## SOURCE INFORMATION:

[Start of section]

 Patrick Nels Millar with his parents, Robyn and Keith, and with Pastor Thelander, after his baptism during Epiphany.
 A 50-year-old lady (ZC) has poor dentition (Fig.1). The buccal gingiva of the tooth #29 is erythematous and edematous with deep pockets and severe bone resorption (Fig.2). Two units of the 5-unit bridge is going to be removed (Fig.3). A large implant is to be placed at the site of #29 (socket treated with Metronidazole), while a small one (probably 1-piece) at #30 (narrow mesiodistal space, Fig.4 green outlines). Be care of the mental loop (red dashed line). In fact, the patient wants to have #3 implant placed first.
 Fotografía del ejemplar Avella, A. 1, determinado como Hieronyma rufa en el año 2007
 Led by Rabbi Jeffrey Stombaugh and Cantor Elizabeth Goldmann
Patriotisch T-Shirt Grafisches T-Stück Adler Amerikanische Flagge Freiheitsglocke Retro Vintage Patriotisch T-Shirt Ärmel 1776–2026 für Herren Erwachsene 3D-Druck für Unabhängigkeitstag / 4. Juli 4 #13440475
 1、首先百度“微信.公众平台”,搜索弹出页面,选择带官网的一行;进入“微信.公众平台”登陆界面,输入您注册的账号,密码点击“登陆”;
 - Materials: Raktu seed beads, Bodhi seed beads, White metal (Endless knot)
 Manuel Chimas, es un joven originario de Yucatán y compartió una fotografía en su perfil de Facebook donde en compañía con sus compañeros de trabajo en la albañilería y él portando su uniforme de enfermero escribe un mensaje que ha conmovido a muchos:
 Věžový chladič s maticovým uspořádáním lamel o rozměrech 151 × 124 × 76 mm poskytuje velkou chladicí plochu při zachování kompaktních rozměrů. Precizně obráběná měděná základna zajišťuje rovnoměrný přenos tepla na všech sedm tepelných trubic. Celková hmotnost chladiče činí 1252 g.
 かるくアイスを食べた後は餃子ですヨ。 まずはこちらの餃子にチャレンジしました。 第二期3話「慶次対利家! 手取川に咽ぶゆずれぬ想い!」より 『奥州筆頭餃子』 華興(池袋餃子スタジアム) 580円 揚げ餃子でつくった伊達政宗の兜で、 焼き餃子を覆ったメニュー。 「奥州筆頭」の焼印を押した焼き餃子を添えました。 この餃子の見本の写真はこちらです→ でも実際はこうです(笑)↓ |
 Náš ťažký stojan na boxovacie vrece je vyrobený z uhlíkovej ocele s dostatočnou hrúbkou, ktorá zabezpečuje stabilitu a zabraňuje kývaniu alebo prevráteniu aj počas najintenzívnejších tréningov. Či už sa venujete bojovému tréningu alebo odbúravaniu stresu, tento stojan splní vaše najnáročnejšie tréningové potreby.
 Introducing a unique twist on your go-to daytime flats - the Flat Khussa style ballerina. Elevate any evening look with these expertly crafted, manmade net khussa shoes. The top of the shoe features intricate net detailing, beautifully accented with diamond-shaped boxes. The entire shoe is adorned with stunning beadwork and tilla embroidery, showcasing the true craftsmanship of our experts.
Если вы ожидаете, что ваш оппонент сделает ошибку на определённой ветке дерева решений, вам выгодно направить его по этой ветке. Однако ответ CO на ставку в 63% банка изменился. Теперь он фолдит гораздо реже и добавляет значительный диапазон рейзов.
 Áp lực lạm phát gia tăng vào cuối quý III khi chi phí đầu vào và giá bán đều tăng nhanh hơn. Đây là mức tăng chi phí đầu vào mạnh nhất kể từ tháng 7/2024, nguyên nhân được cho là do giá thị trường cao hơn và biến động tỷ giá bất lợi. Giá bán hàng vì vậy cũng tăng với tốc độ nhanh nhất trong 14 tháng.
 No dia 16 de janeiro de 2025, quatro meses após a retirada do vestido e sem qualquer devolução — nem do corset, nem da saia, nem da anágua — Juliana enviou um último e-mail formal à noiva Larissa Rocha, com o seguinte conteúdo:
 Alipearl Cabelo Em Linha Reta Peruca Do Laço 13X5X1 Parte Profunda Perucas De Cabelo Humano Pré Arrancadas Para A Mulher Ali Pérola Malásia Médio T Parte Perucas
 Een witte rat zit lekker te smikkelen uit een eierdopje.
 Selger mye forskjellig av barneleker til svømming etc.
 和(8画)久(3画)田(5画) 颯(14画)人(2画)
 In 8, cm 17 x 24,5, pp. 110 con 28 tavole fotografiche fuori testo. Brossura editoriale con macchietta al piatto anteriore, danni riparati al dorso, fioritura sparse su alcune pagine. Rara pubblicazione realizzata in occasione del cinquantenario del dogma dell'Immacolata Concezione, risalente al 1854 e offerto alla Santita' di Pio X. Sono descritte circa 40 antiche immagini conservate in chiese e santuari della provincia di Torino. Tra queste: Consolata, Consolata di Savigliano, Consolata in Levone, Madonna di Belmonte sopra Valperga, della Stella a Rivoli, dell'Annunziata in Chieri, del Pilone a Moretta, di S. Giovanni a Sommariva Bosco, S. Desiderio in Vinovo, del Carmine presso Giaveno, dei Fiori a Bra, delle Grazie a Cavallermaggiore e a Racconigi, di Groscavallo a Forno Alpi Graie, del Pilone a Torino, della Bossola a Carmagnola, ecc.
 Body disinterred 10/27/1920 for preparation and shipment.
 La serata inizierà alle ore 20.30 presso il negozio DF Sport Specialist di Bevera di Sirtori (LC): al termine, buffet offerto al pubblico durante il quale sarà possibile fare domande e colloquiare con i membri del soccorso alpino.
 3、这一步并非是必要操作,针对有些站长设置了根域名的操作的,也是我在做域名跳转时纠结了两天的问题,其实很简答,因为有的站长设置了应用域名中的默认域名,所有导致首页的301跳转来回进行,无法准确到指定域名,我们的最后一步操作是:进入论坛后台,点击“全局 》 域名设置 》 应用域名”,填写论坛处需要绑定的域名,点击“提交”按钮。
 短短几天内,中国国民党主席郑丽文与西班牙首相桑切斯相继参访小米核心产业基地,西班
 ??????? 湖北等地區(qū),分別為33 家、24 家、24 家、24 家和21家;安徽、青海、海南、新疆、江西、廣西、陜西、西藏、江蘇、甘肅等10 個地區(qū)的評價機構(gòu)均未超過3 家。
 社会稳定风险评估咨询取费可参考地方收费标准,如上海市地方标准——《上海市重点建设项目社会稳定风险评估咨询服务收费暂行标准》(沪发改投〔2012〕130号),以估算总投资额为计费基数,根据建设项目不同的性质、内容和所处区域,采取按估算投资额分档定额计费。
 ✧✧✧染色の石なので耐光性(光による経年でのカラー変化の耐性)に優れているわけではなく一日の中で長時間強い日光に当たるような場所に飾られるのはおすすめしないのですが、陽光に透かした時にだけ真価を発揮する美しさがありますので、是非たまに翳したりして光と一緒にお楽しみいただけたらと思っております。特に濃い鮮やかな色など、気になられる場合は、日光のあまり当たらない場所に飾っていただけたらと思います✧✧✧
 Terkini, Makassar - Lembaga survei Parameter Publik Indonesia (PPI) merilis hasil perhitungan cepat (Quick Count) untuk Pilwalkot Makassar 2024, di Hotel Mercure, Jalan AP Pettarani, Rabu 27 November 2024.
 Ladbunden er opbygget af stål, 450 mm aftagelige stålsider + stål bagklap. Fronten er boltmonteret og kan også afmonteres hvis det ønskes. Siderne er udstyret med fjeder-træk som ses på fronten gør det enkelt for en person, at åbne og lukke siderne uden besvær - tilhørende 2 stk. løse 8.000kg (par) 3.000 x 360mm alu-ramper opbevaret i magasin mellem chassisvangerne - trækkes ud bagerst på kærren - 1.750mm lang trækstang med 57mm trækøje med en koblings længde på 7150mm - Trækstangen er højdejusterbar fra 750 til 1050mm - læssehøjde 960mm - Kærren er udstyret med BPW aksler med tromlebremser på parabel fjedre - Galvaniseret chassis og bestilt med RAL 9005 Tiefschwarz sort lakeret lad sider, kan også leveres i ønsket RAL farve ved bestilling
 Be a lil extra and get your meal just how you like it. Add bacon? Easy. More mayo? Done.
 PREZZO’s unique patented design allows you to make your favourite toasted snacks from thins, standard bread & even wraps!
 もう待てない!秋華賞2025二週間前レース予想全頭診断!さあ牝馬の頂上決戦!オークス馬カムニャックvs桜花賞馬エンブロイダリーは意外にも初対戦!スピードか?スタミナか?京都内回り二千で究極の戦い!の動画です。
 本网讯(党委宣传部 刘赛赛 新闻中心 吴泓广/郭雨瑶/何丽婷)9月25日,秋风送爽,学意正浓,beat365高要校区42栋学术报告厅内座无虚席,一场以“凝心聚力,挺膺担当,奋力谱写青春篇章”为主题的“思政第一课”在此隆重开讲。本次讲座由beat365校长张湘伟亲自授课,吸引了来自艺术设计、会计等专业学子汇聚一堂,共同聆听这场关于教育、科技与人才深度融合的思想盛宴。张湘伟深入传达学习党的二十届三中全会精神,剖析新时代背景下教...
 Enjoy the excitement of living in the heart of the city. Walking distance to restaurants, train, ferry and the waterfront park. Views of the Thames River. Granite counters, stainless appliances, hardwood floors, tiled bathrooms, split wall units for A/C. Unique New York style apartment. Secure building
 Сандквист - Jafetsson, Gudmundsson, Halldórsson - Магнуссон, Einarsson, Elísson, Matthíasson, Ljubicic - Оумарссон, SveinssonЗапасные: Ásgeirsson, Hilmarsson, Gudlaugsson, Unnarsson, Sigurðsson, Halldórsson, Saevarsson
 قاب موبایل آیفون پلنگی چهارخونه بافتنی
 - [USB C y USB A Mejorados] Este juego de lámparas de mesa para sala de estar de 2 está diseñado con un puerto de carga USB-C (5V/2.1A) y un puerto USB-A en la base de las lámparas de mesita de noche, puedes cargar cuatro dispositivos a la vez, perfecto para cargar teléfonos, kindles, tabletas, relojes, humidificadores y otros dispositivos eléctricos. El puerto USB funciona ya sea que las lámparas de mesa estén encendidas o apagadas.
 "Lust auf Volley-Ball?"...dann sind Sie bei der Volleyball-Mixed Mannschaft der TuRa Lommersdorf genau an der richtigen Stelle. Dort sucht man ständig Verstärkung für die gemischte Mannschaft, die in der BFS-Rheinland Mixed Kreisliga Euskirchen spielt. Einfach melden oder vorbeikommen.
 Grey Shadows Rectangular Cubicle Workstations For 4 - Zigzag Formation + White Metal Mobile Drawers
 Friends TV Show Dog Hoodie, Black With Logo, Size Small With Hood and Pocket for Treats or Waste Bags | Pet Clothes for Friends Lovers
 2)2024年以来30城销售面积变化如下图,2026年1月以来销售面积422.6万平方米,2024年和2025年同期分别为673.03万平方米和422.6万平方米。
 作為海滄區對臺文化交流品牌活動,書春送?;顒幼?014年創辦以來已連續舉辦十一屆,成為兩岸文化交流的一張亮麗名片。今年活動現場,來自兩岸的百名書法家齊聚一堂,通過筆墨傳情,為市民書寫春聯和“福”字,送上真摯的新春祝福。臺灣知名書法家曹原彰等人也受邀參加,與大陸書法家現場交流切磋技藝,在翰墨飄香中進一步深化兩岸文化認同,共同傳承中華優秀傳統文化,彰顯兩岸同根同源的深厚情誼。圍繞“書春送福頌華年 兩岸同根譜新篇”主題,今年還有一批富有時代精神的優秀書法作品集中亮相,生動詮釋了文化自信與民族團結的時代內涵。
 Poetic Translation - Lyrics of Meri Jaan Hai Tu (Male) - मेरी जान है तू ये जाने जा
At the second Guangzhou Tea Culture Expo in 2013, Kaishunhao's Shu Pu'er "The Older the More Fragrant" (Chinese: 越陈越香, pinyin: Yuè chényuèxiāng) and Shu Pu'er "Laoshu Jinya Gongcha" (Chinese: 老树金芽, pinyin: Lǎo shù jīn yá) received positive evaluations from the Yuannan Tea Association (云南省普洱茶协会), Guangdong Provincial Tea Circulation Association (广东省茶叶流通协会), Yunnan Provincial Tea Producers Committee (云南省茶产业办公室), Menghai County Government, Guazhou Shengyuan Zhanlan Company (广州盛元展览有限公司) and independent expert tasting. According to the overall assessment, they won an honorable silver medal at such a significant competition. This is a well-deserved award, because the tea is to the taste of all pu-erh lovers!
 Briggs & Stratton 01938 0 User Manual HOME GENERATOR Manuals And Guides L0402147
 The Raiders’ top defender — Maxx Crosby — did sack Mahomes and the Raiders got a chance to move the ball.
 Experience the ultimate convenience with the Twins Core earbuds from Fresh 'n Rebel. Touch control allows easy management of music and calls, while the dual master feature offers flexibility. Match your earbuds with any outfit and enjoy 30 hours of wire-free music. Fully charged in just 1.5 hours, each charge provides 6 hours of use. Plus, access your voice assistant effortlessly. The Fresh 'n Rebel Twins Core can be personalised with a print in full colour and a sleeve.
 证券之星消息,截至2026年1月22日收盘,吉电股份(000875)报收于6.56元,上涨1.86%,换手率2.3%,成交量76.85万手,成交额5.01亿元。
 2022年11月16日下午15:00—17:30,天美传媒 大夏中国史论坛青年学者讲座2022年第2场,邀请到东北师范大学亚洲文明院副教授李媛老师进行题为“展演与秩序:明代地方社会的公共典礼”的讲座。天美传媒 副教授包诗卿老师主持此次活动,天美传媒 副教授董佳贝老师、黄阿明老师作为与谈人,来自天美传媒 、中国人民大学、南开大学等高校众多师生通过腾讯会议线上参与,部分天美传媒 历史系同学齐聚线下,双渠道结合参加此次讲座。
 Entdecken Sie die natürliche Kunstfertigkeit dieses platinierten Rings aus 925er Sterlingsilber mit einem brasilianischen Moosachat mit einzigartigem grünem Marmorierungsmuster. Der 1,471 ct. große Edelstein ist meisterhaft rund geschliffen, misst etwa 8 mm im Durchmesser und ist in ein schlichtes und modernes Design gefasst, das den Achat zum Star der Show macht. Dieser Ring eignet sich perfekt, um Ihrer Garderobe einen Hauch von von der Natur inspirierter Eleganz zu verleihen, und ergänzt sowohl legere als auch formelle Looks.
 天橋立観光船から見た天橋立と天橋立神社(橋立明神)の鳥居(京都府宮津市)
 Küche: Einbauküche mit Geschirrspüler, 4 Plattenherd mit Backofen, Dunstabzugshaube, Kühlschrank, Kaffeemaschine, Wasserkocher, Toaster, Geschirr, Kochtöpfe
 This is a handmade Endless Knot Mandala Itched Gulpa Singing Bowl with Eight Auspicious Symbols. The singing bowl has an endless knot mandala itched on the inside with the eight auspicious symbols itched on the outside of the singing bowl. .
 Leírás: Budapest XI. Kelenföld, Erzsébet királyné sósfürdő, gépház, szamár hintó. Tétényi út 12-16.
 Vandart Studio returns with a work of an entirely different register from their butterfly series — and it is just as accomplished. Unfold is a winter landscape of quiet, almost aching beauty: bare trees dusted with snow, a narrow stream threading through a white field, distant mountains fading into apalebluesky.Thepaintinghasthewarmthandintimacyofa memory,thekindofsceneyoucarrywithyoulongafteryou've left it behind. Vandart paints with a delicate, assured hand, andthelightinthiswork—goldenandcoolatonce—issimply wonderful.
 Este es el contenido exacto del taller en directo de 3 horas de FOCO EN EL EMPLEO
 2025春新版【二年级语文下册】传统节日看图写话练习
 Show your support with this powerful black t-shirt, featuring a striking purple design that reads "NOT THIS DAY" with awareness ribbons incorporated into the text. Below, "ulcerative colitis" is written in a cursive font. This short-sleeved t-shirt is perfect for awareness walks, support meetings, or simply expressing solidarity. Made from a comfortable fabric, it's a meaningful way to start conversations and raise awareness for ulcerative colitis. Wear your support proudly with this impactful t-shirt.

[End of section]

## TASK BRIEF:
Scan the records above for the word "into". Show each line in which it appears.

## SOLUTION TO THE EXERCISE:
 Vandart Studio returns with a work of an entirely different register from their butterfly series — and it is just as accomplished. Unfold is a winter landscape of quiet, almost aching beauty: bare trees dusted with snow, a narrow stream threading through a white field, distant mountains fading into apalebluesky.Thepaintinghasthewarmthandintimacyofa memory,thekindofsceneyoucarrywithyoulongafteryou've left it behind. Vandart paints with a delicate, assured hand, andthelightinthiswork—goldenandcoolatonce—issimply wonderful.
 Show your support with this powerful black t-shirt, featuring a striking purple design that reads "NOT THIS DAY" with awareness ribbons incorporated into the text. Below, "ulcerative colitis" is written in a cursive font. This short-sleeved t-shirt is perfect for awareness walks, support meetings, or simply expressing solidarity. Made from a comfortable fabric, it's a meaningful way to start conversations and raise awareness for ulcerative colitis. Wear your support proudly with this impactful t-shirt.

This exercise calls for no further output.